▶ TO DO
Below is a listing with pictures in it; transcribe exactly the lines from the one that has "[11853378]V8 2典藏 2珍品传说" through the one that has "操船は、キャビン内でボートの様にシートに座り操船します。", and omit those pictures.

▶ ENTRIES SHOWN

▼▼▼

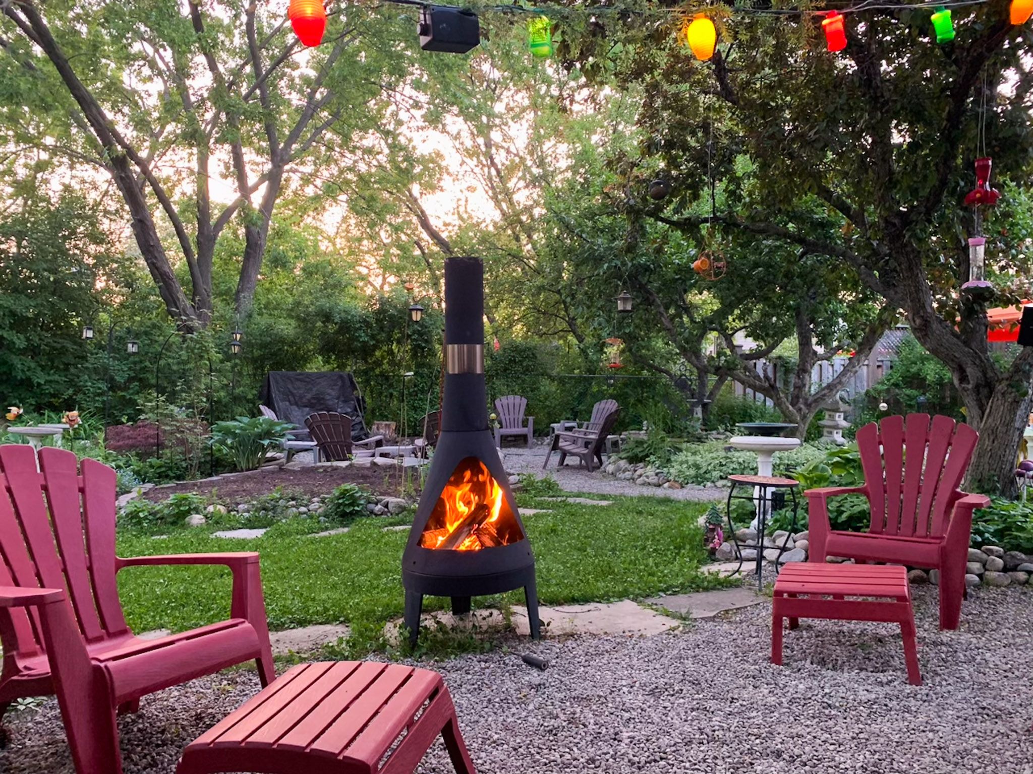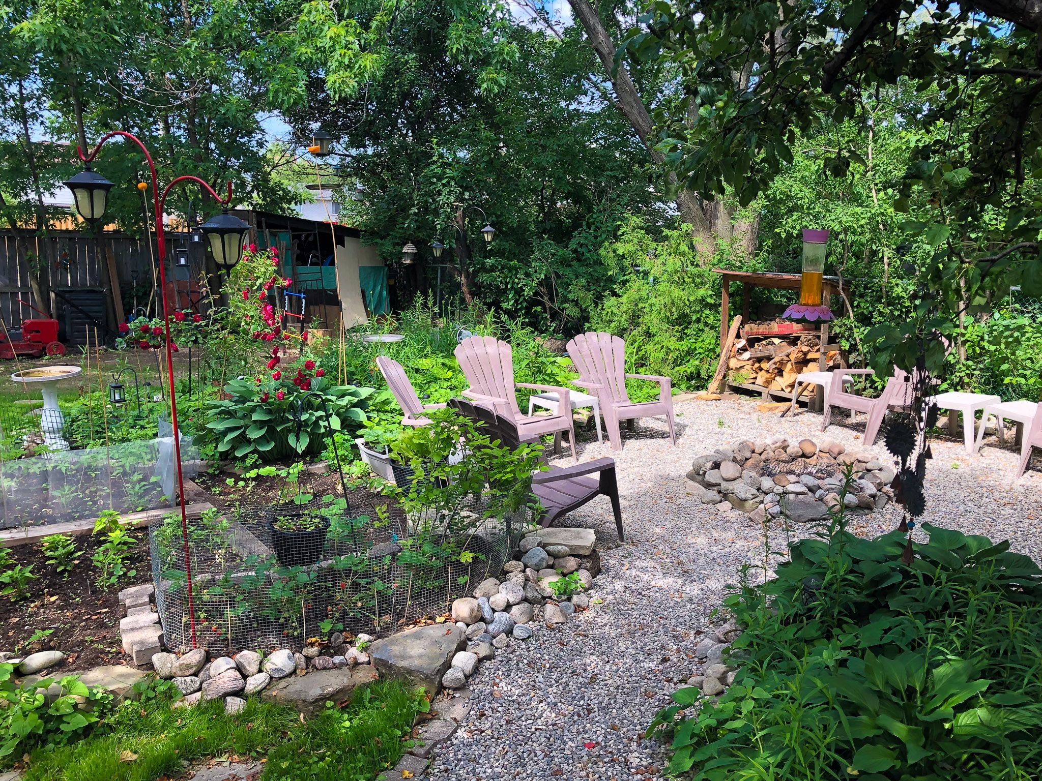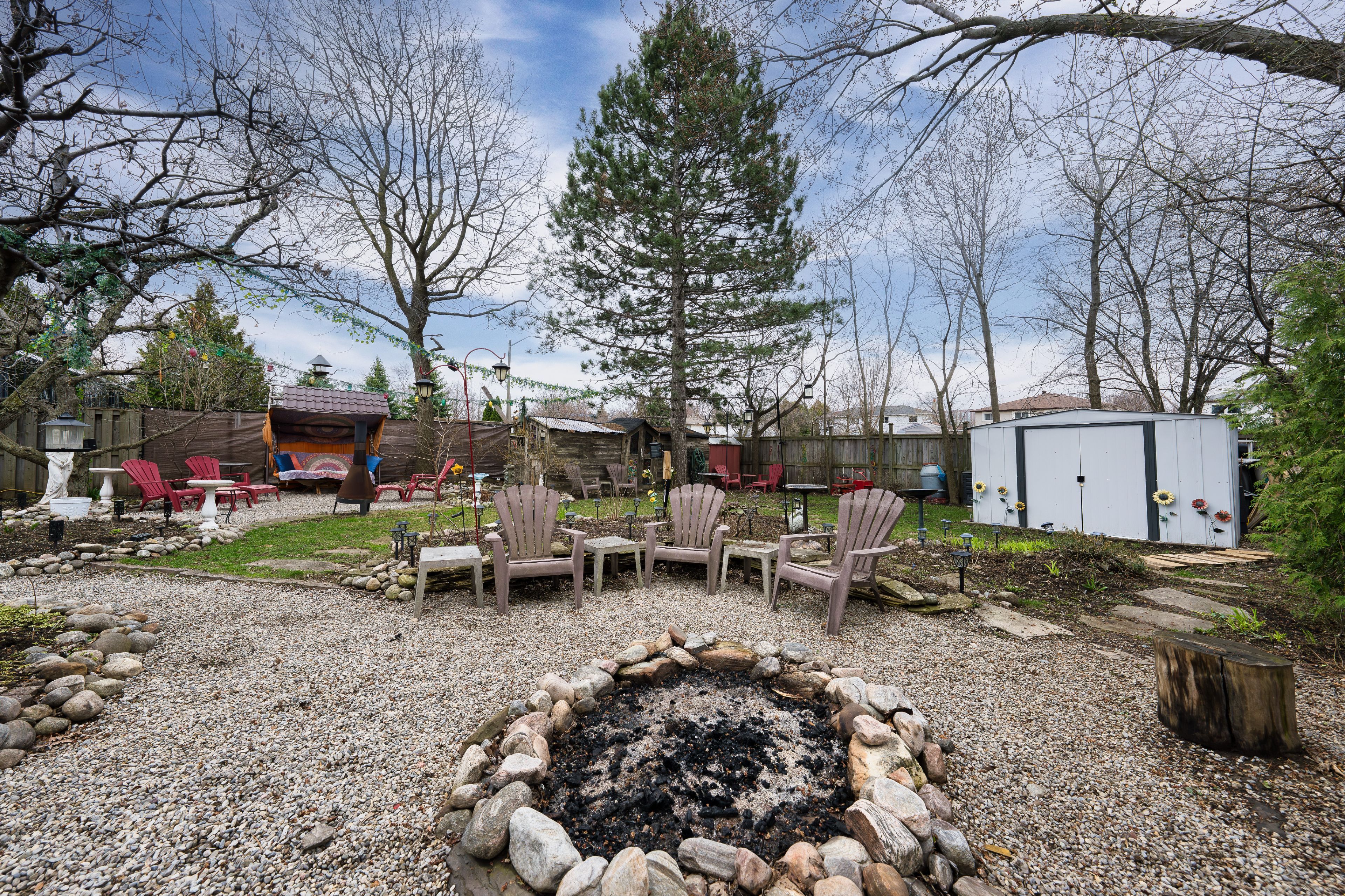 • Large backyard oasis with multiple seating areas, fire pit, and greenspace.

▲▲▲
▼▼▼

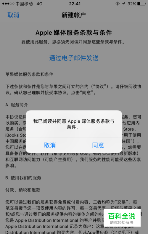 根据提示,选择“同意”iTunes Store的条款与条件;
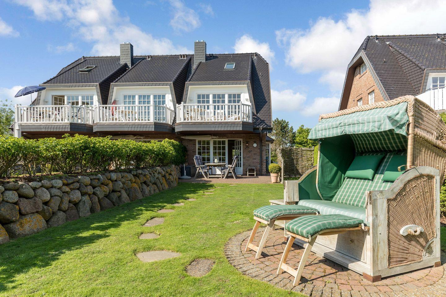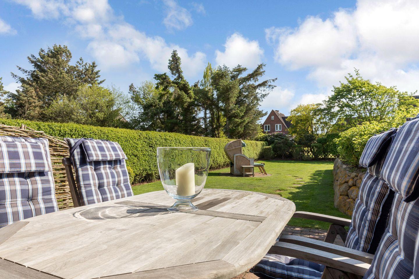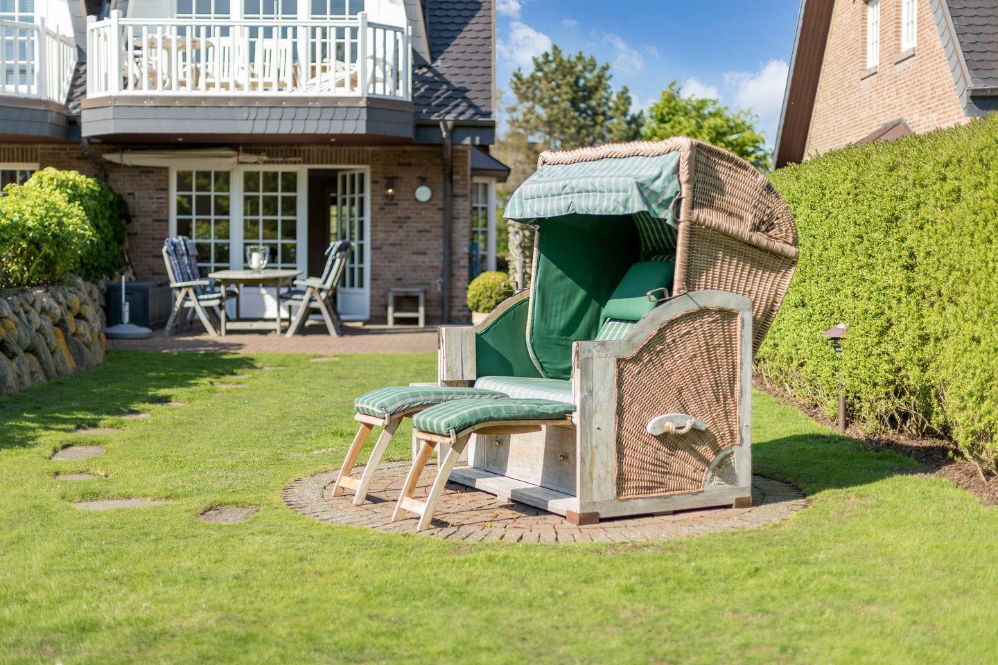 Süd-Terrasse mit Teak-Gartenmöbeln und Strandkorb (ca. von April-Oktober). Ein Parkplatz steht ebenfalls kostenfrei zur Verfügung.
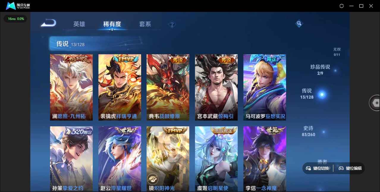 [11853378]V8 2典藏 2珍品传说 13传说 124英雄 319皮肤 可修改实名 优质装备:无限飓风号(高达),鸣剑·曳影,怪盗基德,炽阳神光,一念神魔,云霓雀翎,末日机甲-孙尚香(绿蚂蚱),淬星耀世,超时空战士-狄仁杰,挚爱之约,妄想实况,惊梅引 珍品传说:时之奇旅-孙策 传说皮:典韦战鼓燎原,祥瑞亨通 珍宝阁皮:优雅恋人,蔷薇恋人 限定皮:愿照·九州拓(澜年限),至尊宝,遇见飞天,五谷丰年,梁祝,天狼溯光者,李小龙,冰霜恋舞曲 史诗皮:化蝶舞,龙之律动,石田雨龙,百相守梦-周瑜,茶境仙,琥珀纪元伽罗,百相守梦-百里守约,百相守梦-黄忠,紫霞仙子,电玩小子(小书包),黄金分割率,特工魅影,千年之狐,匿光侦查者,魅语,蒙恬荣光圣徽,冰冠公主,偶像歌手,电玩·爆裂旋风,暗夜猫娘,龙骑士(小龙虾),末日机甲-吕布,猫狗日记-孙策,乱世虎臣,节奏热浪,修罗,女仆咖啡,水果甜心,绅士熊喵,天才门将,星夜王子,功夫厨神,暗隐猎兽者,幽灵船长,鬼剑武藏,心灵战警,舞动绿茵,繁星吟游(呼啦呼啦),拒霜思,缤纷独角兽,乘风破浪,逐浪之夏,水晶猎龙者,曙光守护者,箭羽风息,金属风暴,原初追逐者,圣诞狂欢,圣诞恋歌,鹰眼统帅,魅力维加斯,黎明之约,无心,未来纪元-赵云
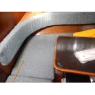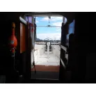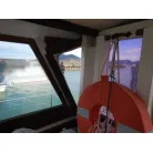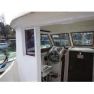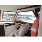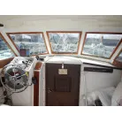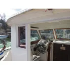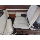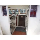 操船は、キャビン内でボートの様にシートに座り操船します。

▲▲▲

▶ ANSWER BELOW
 [11853378]V8 2典藏 2珍品传说 13传说 124英雄 319皮肤 可修改实名 优质装备:无限飓风号(高达),鸣剑·曳影,怪盗基德,炽阳神光,一念神魔,云霓雀翎,末日机甲-孙尚香(绿蚂蚱),淬星耀世,超时空战士-狄仁杰,挚爱之约,妄想实况,惊梅引 珍品传说:时之奇旅-孙策 传说皮:典韦战鼓燎原,祥瑞亨通 珍宝阁皮:优雅恋人,蔷薇恋人 限定皮:愿照·九州拓(澜年限),至尊宝,遇见飞天,五谷丰年,梁祝,天狼溯光者,李小龙,冰霜恋舞曲 史诗皮:化蝶舞,龙之律动,石田雨龙,百相守梦-周瑜,茶境仙,琥珀纪元伽罗,百相守梦-百里守约,百相守梦-黄忠,紫霞仙子,电玩小子(小书包),黄金分割率,特工魅影,千年之狐,匿光侦查者,魅语,蒙恬荣光圣徽,冰冠公主,偶像歌手,电玩·爆裂旋风,暗夜猫娘,龙骑士(小龙虾),末日机甲-吕布,猫狗日记-孙策,乱世虎臣,节奏热浪,修罗,女仆咖啡,水果甜心,绅士熊喵,天才门将,星夜王子,功夫厨神,暗隐猎兽者,幽灵船长,鬼剑武藏,心灵战警,舞动绿茵,繁星吟游(呼啦呼啦),拒霜思,缤纷独角兽,乘风破浪,逐浪之夏,水晶猎龙者,曙光守护者,箭羽风息,金属风暴,原初追逐者,圣诞狂欢,圣诞恋歌,鹰眼统帅,魅力维加斯,黎明之约,无心,未来纪元-赵云
 操船は、キャビン内でボートの様にシートに座り操船します。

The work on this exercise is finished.